= Mike Doyle (comedian) =

British comedian, vocalist and broadcaster

Mike Doyle is a Welsh comedian, vocalist and broadcaster from Carmarthen, Wales, now based in nearby Bridgend.

== Career ==
=== Opportunity Knocks ===
Mike made his debut television back in 1988, winning the BBC One talent show Opportunity Knocks.

=== Standup Comedy ===
Mike has done many pantomimes and standup comedy shows including his very own televised series "The Mike Doyle Show" which aired on HTV (ITV Wales) in 2002. Mike has worked for BBC Radio Wales, 106.3 Bridge FM, 102.1 Swansea Bay Radio, Radio Carmarthenshire and Radio Pembrokeshire.

=== Royal Variety ===
Mike appeared at the 1991 Royal Variety Performance.
=== The Lyrics Game ===
Mike has also presented a televised gameshow called The Lyrics Game for the BBC back in 2004.

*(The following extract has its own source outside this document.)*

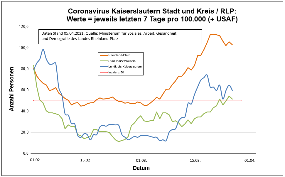 Coronavirus KL: letzten 7 Tage pro 100.000 (+ USAF)- Stadt 51,6 ; Landkreis 59,7 ; RLP 103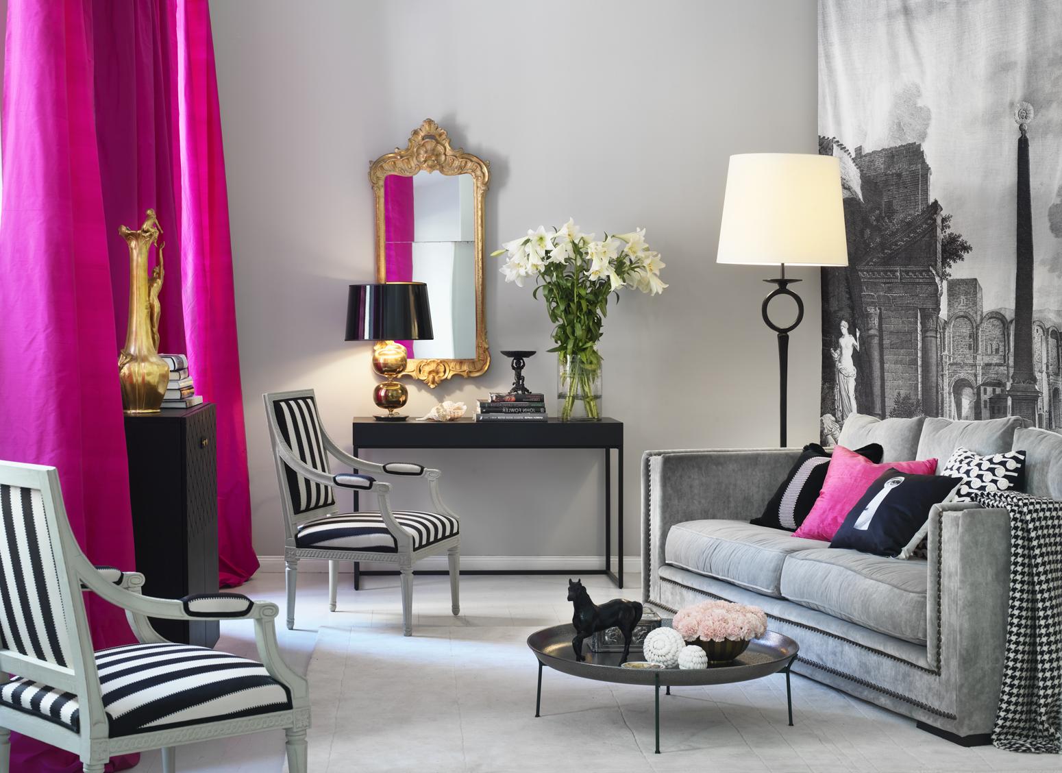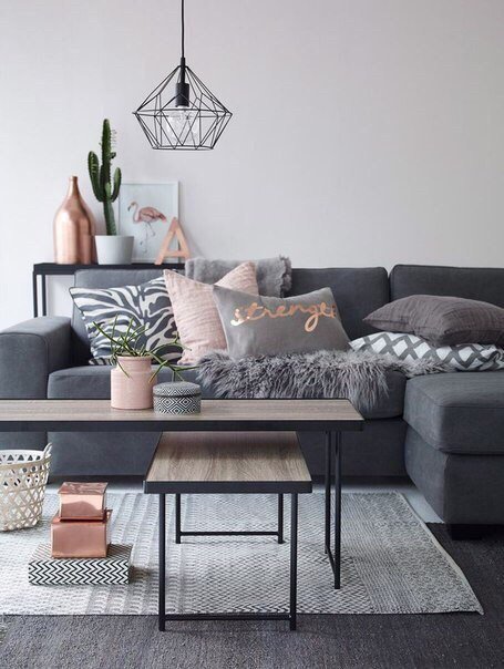 Сочетания серого с различными вариациями розового придает облику интерьера более женственный вид. Такое цветовое сочетание особенно нравится молодым женщинам и девушкам. Неплохо впишутся эти два цвета и в гламурную гостиную, если их разбавить цветочными мотивами.

=== Trade Centre Group ===
Trevor, a character used in the advertisements of Trade Centre Group, is voiced by Mike.

=== West End ===
Mike has appeared in West End shows including playing The Big Bopper in Buddy and playing Vince Fontaine in Grease. He released an album, Every Word, in 1999.

=== Music ===
In 2010, Mike released a single entitled What Colour is the Wind? to help raise money for Cardiff Institute for the Blind.